··· Data for this exercise

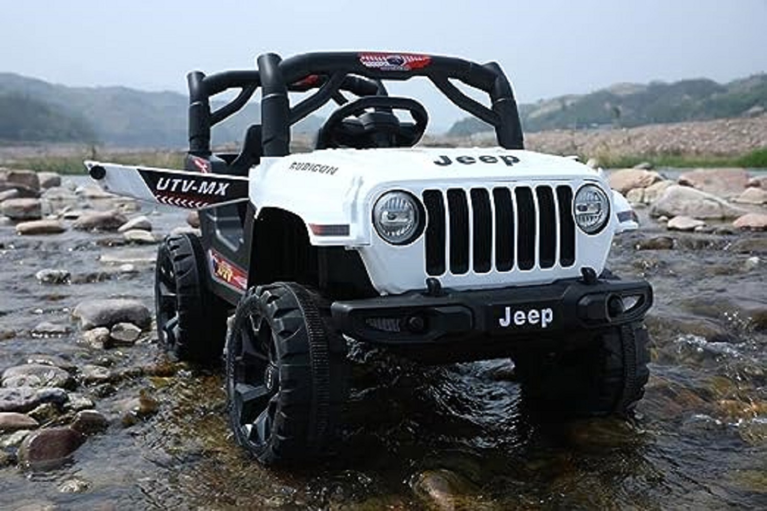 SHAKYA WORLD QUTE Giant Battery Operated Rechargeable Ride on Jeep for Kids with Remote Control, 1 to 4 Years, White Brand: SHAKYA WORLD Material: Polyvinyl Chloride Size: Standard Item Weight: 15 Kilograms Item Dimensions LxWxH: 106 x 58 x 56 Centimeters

······
··· Data for this exercise

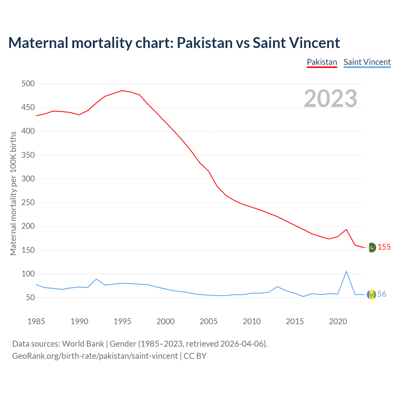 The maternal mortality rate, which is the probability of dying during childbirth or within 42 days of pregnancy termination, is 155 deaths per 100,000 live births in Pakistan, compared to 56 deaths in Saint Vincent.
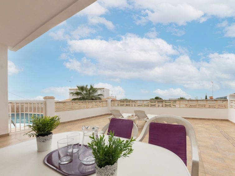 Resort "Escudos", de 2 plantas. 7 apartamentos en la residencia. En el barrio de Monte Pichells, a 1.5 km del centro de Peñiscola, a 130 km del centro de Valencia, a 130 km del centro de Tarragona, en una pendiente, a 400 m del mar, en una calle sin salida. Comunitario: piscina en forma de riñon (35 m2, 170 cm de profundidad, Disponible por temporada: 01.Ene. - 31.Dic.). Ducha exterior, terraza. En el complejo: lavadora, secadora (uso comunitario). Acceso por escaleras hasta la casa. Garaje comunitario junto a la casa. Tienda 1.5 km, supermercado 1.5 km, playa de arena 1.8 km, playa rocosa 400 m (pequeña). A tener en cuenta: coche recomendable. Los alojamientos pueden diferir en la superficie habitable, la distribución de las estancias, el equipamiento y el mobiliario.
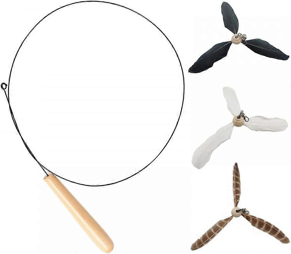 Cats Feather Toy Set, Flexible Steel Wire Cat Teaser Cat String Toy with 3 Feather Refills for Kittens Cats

······
··· Data for this exercise

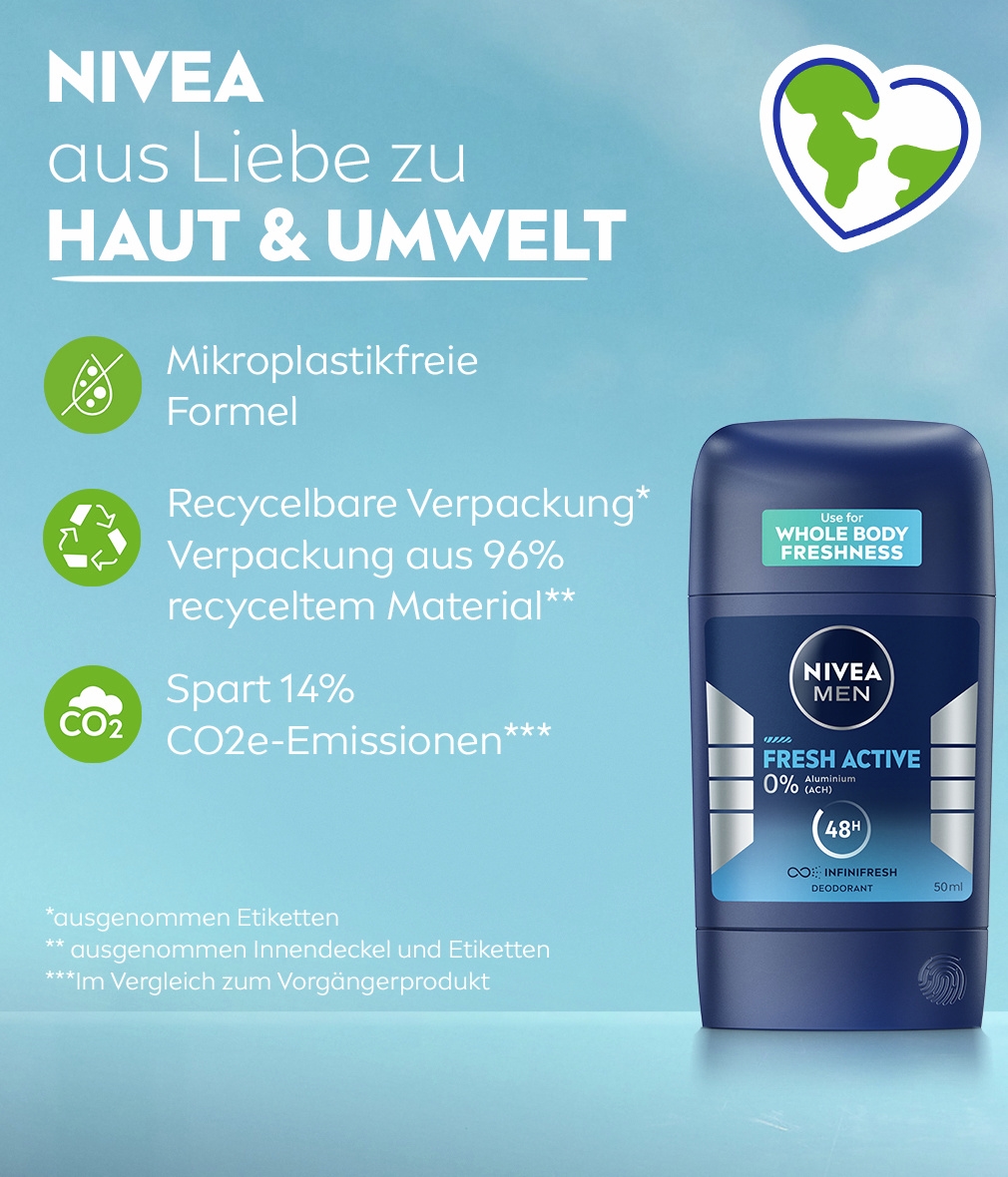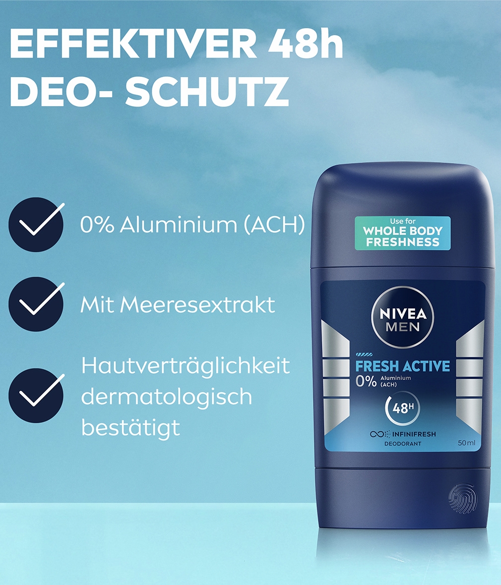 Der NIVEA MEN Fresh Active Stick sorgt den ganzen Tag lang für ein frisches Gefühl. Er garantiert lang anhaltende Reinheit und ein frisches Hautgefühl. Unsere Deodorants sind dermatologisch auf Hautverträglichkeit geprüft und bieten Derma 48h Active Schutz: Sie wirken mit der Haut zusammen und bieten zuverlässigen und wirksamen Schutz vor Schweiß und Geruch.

······

▸ **Your objective**: Exact copy, pictures excluded: from the line with "The maternal mortality" up to and including the line with "Cats Feather Toy" in the data above.

▸ **Output below**:
 The maternal mortality rate, which is the probability of dying during childbirth or within 42 days of pregnancy termination, is 155 deaths per 100,000 live births in Pakistan, compared to 56 deaths in Saint Vincent.
 Resort "Escudos", de 2 plantas. 7 apartamentos en la residencia. En el barrio de Monte Pichells, a 1.5 km del centro de Peñiscola, a 130 km del centro de Valencia, a 130 km del centro de Tarragona, en una pendiente, a 400 m del mar, en una calle sin salida. Comunitario: piscina en forma de riñon (35 m2, 170 cm de profundidad, Disponible por temporada: 01.Ene. - 31.Dic.). Ducha exterior, terraza. En el complejo: lavadora, secadora (uso comunitario). Acceso por escaleras hasta la casa. Garaje comunitario junto a la casa. Tienda 1.5 km, supermercado 1.5 km, playa de arena 1.8 km, playa rocosa 400 m (pequeña). A tener en cuenta: coche recomendable. Los alojamientos pueden diferir en la superficie habitable, la distribución de las estancias, el equipamiento y el mobiliario.
 Cats Feather Toy Set, Flexible Steel Wire Cat Teaser Cat String Toy with 3 Feather Refills for Kittens Cats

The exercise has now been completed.